### Data extract
—————
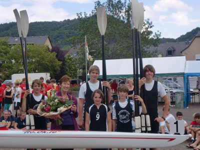 Drei Landestitel von Rheinland-Pfalz, sowie zwei Silbermedaillen gingen an die gemeinsame Rudergruppe des Kurfürst-Balduin Gymnasiums Münstermaifeld und der RG Treis-Karden. 21 Schulen aus Rheinland-Pfalz mit über 70 Booten, sowie 8 Boote aus dem Saarland, waren nach Treis-Karden gekommen, um den Landesentscheid im Rudern im Wettbewerb der Schulen "Jugend trainiert für Olympia" auszutragen, der gemeinsam von der Rudergesellschaft Treis-Karden und dem Kurfürst-Balduin Gymnasium Münstermaifeld ausgerichtet wurde. Insgesamt waren auf der Wettkampfdistanz von 1000 Metern 19 Landestitel im Zweier bis zum Achter zu vergeben, davon acht mit der Qualifikation zum Bundesfinale in Berlin. Mit drei Siegen, und zwei Silbermedaillen war die einheimische Flotte wieder knapp vorn und zwei Vierermannschaften qualifizierten sich zum Bundesfinale in Berlin. Bemerkenswert auch die Erfolgsausbeute des Nikolaus-von-Weis Gymnasiums Speyer, welches ebenfalls drei Titel gewann und ein Boot nach Berlin qualifizierte. Die beiden Achterkonkurrenzen gingen an das Gymnasium am Römerkastel Bad Kreuznach, der jüngere Achter (WKII) löste dabei die Fahrkarte nach Berlin. Zwei Siege errang auch das Johannes Gymnasium Lahnstein und kann sich über die Qualifikation des Mädchen-Vierers im jüngsten Teilnehmerjahrgang (WKIII) freuen. Die beiden Goldmedaillen in den Zweierkonkurrenzen gingen klar an das Friedrich-Wilhelm Gymnasium Trier. Drei weitere Schulen trugen sich in die Siegerliste ein und qualifizierten ihre Mannschaft zum Bundesfinale in Berlin, das Eleonore Gymnasium Worms, das Stefan-Georg Gymnasium Bingen und die Maria-Ward Schule Mainz. Die Hildegardis Schule Bingen und das Gymnasium an der Stadtmauer Bad Kreuznach kamen je zu einem Vierer-Landessieg. Michael Stäudt vom Ministerium für Bildung, Wissenschaft, Jugend und Kultur zeigte sich sehr zufrieden mit dem umfangreichen Helfer und Regattastab aus Schule und Verein, mit Willi Rüdel, Franz Esser und Michael Hippert an der Spitze, die wieder eine gelungene Veranstaltung präsentieren konnten. Peter Wich-Glasen und Dirk Bogdanski, mit den freiwilligen Feuerwehren aus Moselkern und Müden sorgten routiniert auf dem Wasser für Ordnung und die Sicherheit. Hanne Krahnke organisierte die Verpflegung für Regattahelfer und die 400 Teilnehmern und Dr. Kastor war, wie schon in den Jahren zuvor, als Regattaarzt vor Ort. Eine Siegerehrung, die vom Vertreter des Ministeriums Michael Stäudt moderiert wurde, mit Schulleiterin Madeleine Dazert-Balthasar, Hans-Jürgen Sehn, 1. Beigeordneter des Landkreises Cochem-Zell, dem 1. Beigeordneten der Verbandsgemeinde Treis-Karden Heinz Kugel, dem Ortsbürgermeister von Treis-Karden Philipp Thönnes, Lutz Itschert (Ruderverband Rheinland), Schul- Elternsprecher Thomas Timm, brachte die Veranstaltung zu einem gelungenen Abschluss. |
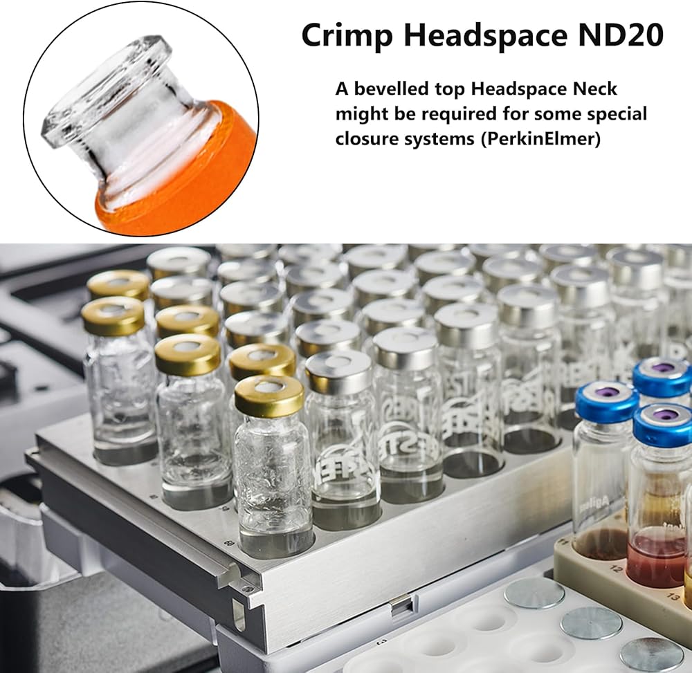 Beveled Finish Vial : Reduced the amount of sealing surface between the crimp seal and the glass surface,Also A bevelled top Headspace Neck might be required for some special closure systems (PerkinElmer)
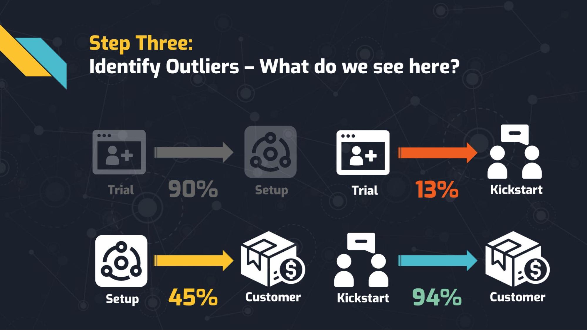 Now you’ve identified the unique segment that’s having trouble with the kickstart calls, and you can start thinking of solutions to help them move forward. It can be offering them a $25 gift certificate, a better self-serve option, or have an entirely different flow for this segment.
—————
Write out again, word for word, the lines from the one holding "Beveled Finish Vial" through the final line of the listing, including both ends but no pictures.

### Result below
 Beveled Finish Vial : Reduced the amount of sealing surface between the crimp seal and the glass surface,Also A bevelled top Headspace Neck might be required for some special closure systems (PerkinElmer)
 Now you’ve identified the unique segment that’s having trouble with the kickstart calls, and you can start thinking of solutions to help them move forward. It can be offering them a $25 gift certificate, a better self-serve option, or have an entirely different flow for this segment.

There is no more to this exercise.